Although a stranger to such luxury - my style is a game of darts and a kip in the back of the campervan - Millbrook pretty much won me over from the front gate.
It was wide open. Any person can wander along the paths or bike the byways that pass throughout its pleasing green acres. You don't have to like golf to appreciate a good- looking lawn, especially when beyond it lies a 360-degree-view of the mountains.
Anyone can avail themselves of Millbrook's resort facilities , including the golf course, tennis courts and day spa, along with its four on-site restaurants.
A top-drawer breakfast buffet is served in the surprisingly unstuffy clubhouse, after which one can ready oneself for beer and a cheeseburger on the sun-drenched terrace of The Hole in One. It is situated in a spectacular spot, so it's no wonder this is a popular outing for the locals.
The fine-dining Millhouse followed suit, being both accessible and fairly priced. The original flourmill has been extensively rebuilt, its muscular timber and schist interior has an uncontrived, roguish atmosphere, with a sizeable contingent of New Zealand patrons keeping it real.

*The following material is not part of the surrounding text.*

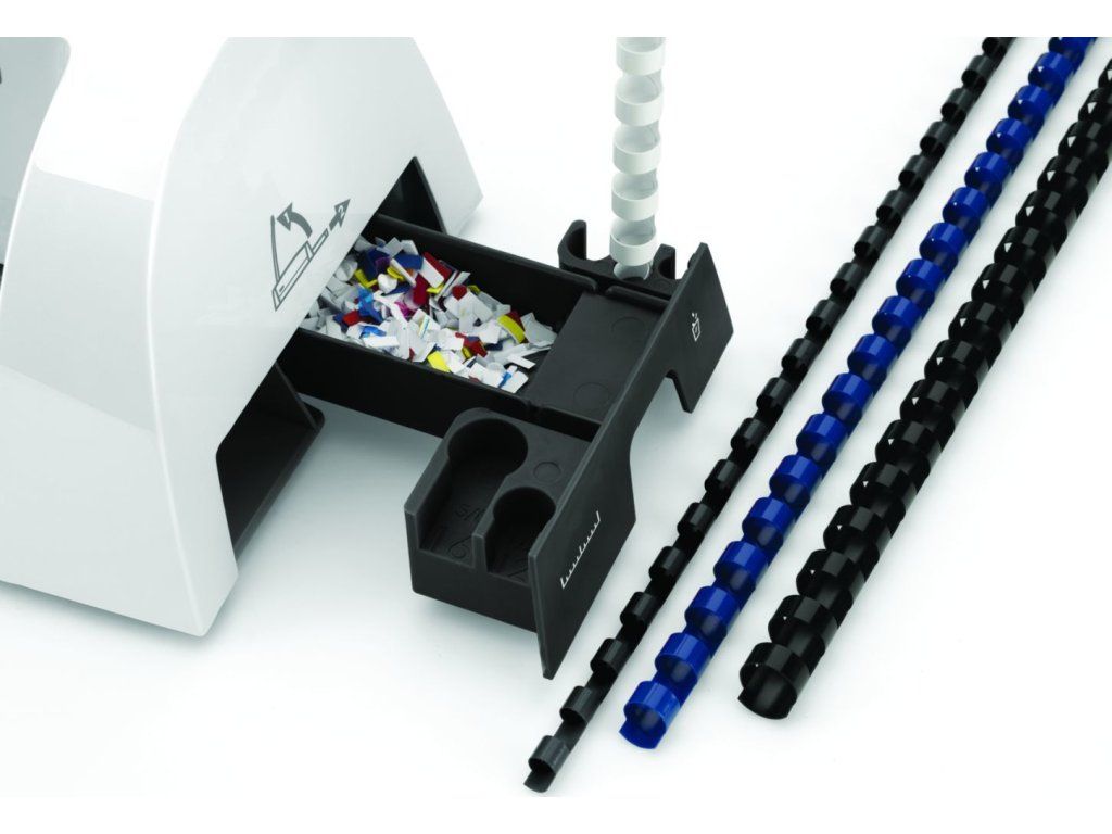 Oddělená děrovací a vázací páka pro průběžné vkládaní děrovaných listů do plastového hřbetu výrazně zefektivňuje práci. Díky delší děrovací páce je třeba k děrování minimum síly. Stroj je vybaven integrovanou měrkou pro správnou volbu průměru hřbetu.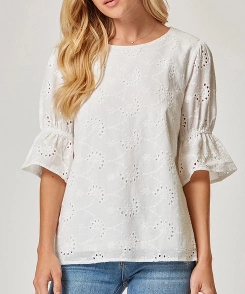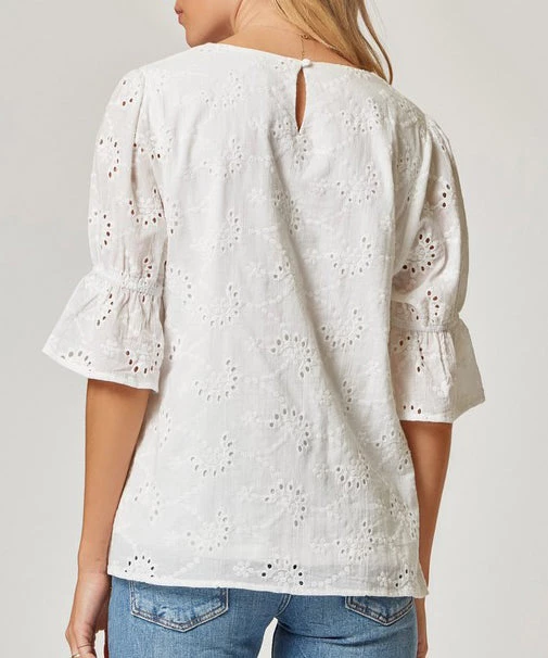 The perfect warm weather blouse! This top features an eyelet pattern, round neckline and short sleeves. Finished in a gorgeous ivory shade, this top is a must for work or play.

The menu was big on game, with duck, quail and venison on the menu along with delectable Southland lamb. The classics were matched with the unconventional, including a memorable intermezzo "margarita" of lime sorbet and fine tequila. Then there was the white chocolate and kirsch mousse with raspberry coulis, along with the Felton Road pinot noir. I think I could develop a taste for this resorty thing.
Arrowtown's no slouch either when it comes to notable dining. Peter Gawron's trio of Saffron, Pesto and the Blue Door Bar scoop up much of the business, but there are leagues of worthy rivals including Arrowtown Bakery, purveyor of a mean meat pie. The Arrow Brewery also does a decent pie, and its family- friendly environs are an inviting place to get on the craft beer bandwagon. Their tasting flight was presented with real pride.

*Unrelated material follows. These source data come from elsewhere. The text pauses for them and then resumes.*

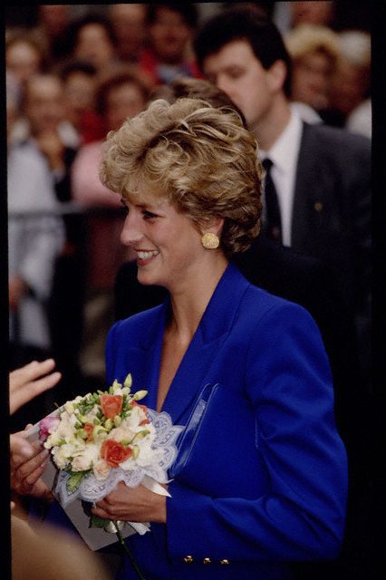 Diana Visiting Lille Princess Diana wears a navy pinstriped blazer on a visit to France. |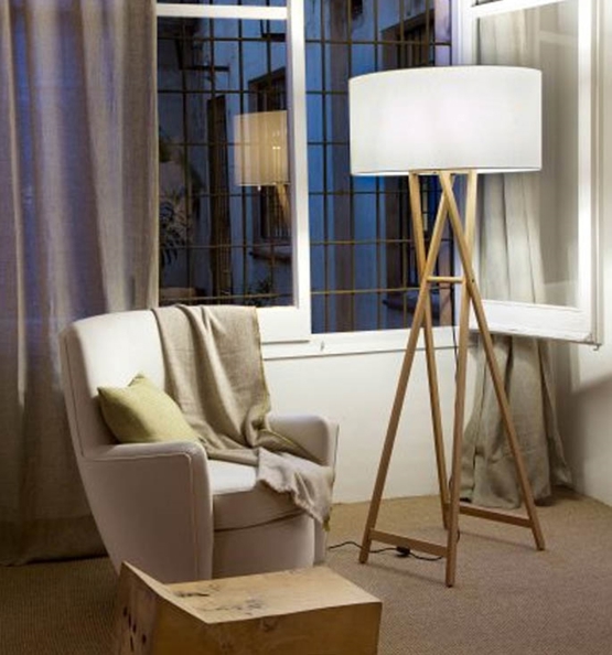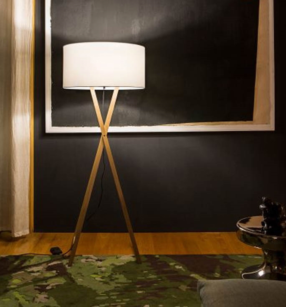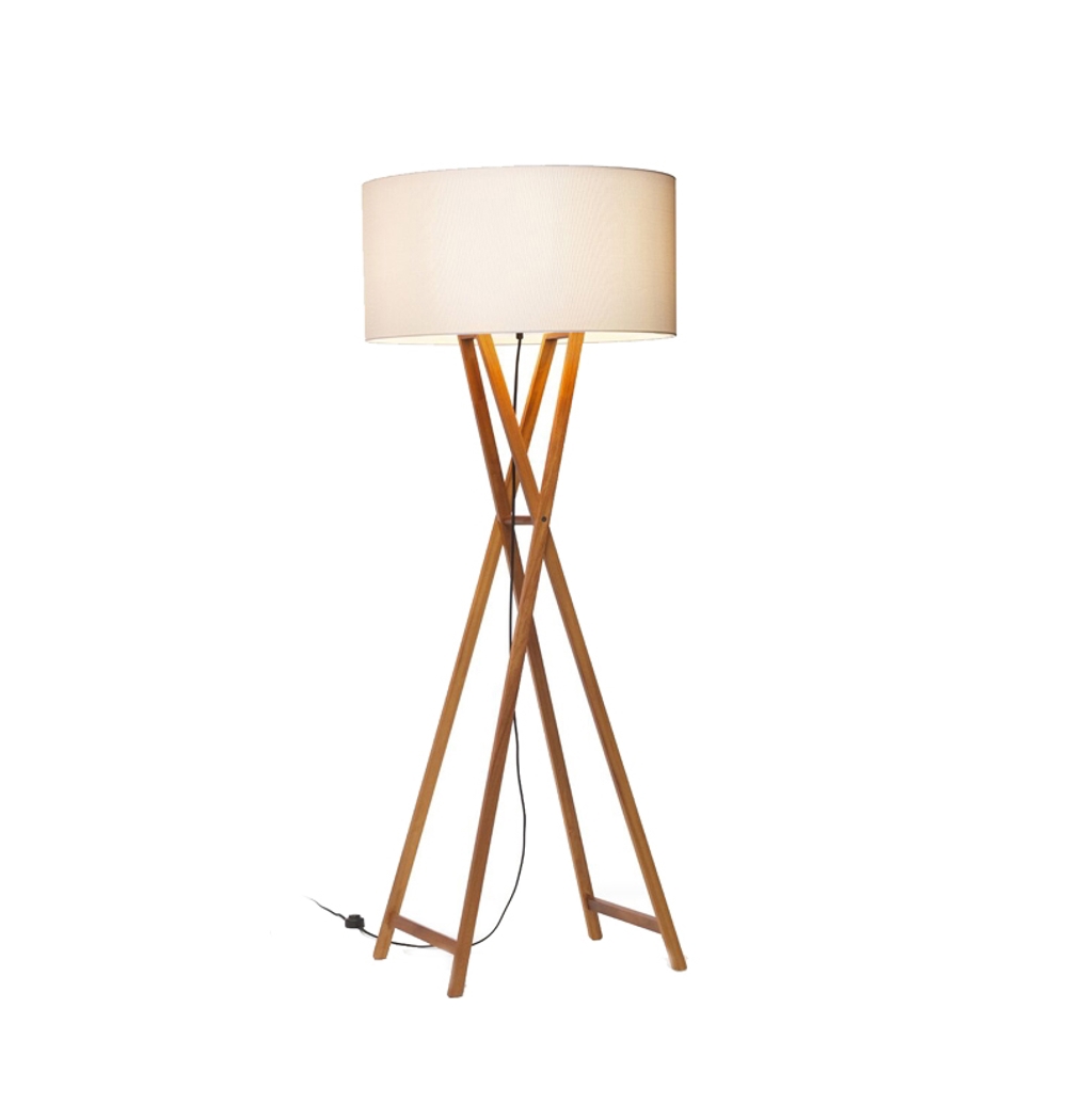 Gulvlampen har en hvid skærm, og stel af egetræ.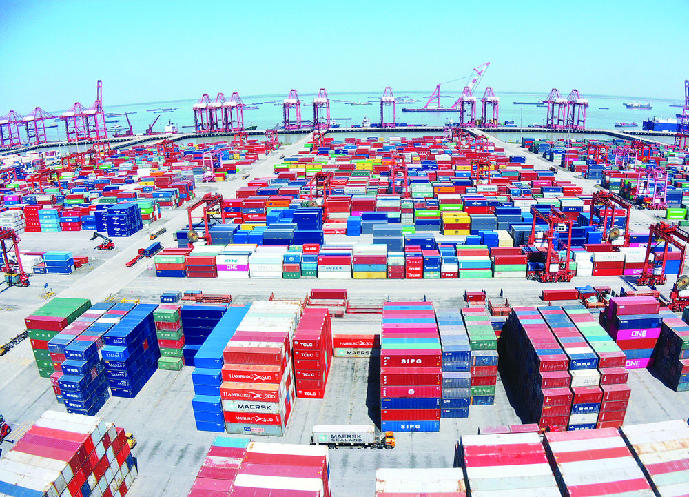 4月6日,江苏省太仓港集装箱码头繁忙作业中。该港口一季度累计完成集装箱吞吐量150.5万标箱,月度及季度吞吐量均破同期历史纪录。计海新摄(中经视觉)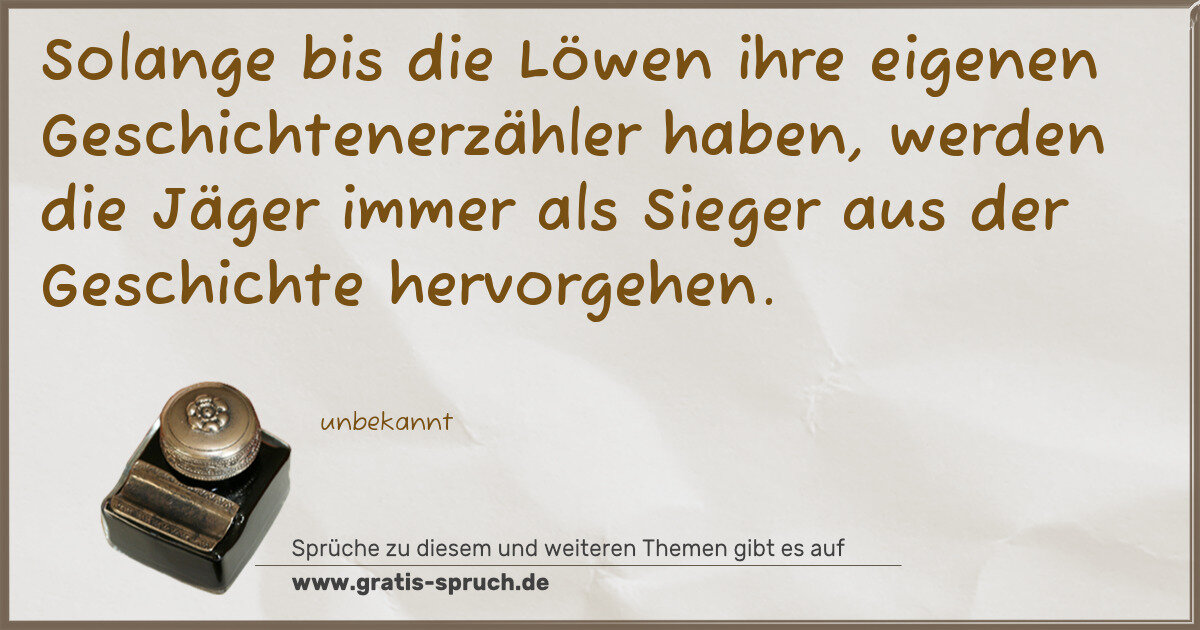 Solange bis die Löwen ihre eigenen Geschichtenerzähler haben, werden die Jäger immer als Sieger aus der Geschichte hervorgehen.

And let's not forget the fabulous Provisions cafe, located in an 1874 miner's cottage. Its garden is the perfect place to stuff your face with its amazing sticky buns.

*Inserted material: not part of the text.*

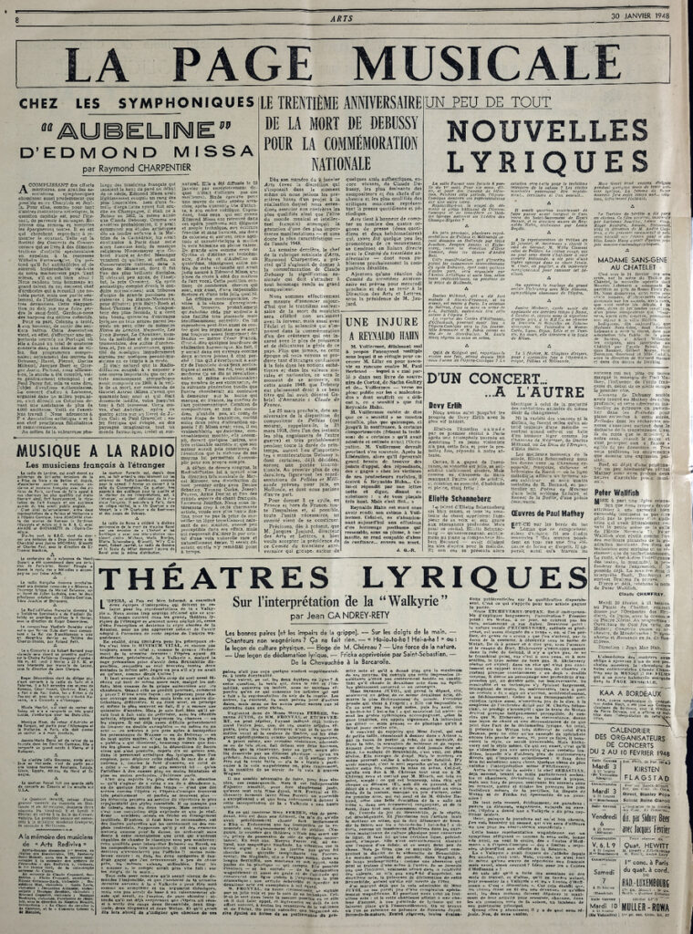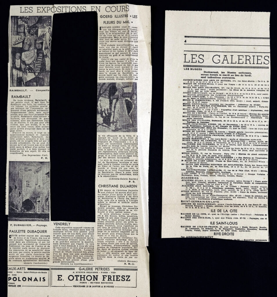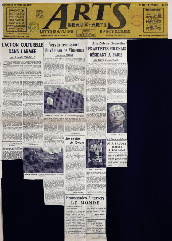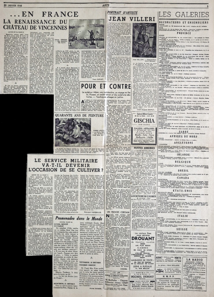Έντυπο, στα γαλλικά, χαρτί, 3 φύλλα, 6 σελίδες, 60×43 εκ., όπου δημοσιεύονται άρθρα με τίτλους: Romuald Vandelle “L action culturelle dans l armée”, Y. Christ “Vers la renaissance du château de Vincennes”, P. Descargues “Les artistes polonais résidant à Paris”, H.-J. Dupuy “Jean Villery”.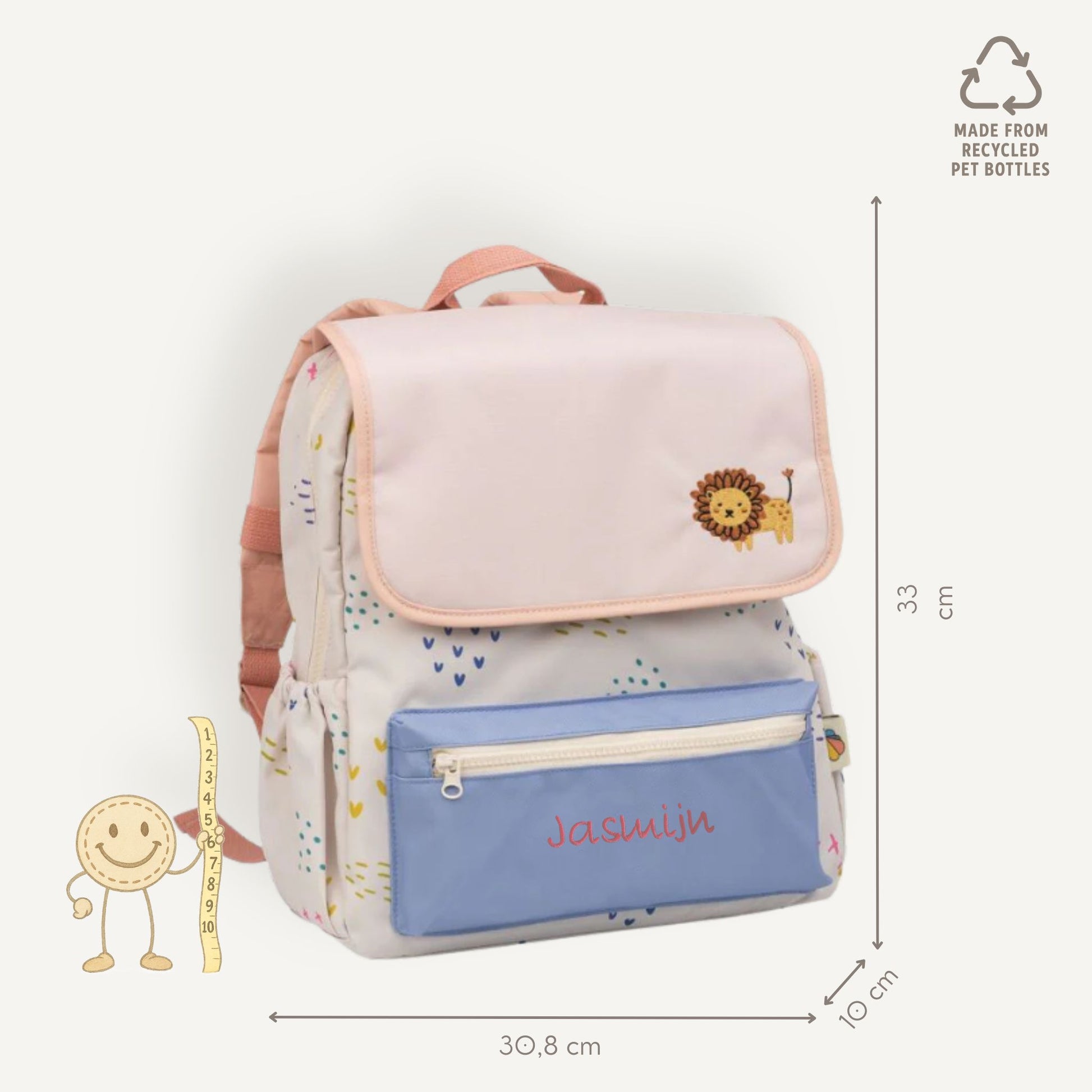 Wil je de rugzak écht persoonlijk maken? Voor een kleine meerprijs van € 12,95 borduren we een naam op de tas.

Between the breakfast buffet, sticky buns, the pie and a pint, visitors may wish to take a spot of exercise. There is a guided cycle tour with Cycle de Vine, perhaps, twixt the wineries of Gibbston Valley. (Red wine is incredibly good for you, you know.)
On foot, the essential outing is the short amble along the Arrow River where a cluster of Chinese diggers settled in the late 1860s. Invited by the provincial government to keep the Otago goldfields cranking post-rush, their situation was cold, wet and dangerous.
Restored stone huts and evocative storyboards retell their tales, as does Julia Bradshaw's book Arrowtown History and Walks, a worthy companion for your explorations. It also details the popular pilgrimage to the ghost town of Macetown, where quartz was mined for gold until finally abandoned in 1914.
Arrowtown's 150th anniversary will be celebrated with a series of events, most of which are free. Two- hundred locals have signed up for roles in the official "Arrowtown re- enactment", in which gold will glister, wagons will roll, and shanties will rollick with grog. The New Zealand Army Band is coming, as is the Chinese Village Theatre, lion and dragon dancers and the Black Powder gun shooters. The New Zealand gold panning championship will also be held, so if you've missed the Olympics there's hope for you yet.
The wider Central Otago region is also celebrating its 150th anniversary with nearly 150 events planned until March 2013. One of these is the centenary bash for the steamship Earnslaw. Her maiden voyage across Lake Wakatipu will be retraced on October 18; other events include special cruises and a family fun day at Walter Peak High Country Farm.
October will be a great time to visit Arrowtown and Queenstown, but if you can't manage it, visit in autumn when Arrowtown turns on its annual display of arboreal splendour. The gold diggers of years gone by from the Arrow wouldn't believe it.
Bennett & Slater were hosted by Millbrook.
Arrowtown 150th (Oct 19-25) arrowtown150.co.nz
Central Otago Anniversary (until Mar 2013) gold150.org.nz
TSS Earnslaw Centenary (Oct 14-22) tssearnslaw.co.nz
Arrowtown visitor guide arrowtown.com
Arrowtown History and Walks, Julia Bradshaw (Otago University Press)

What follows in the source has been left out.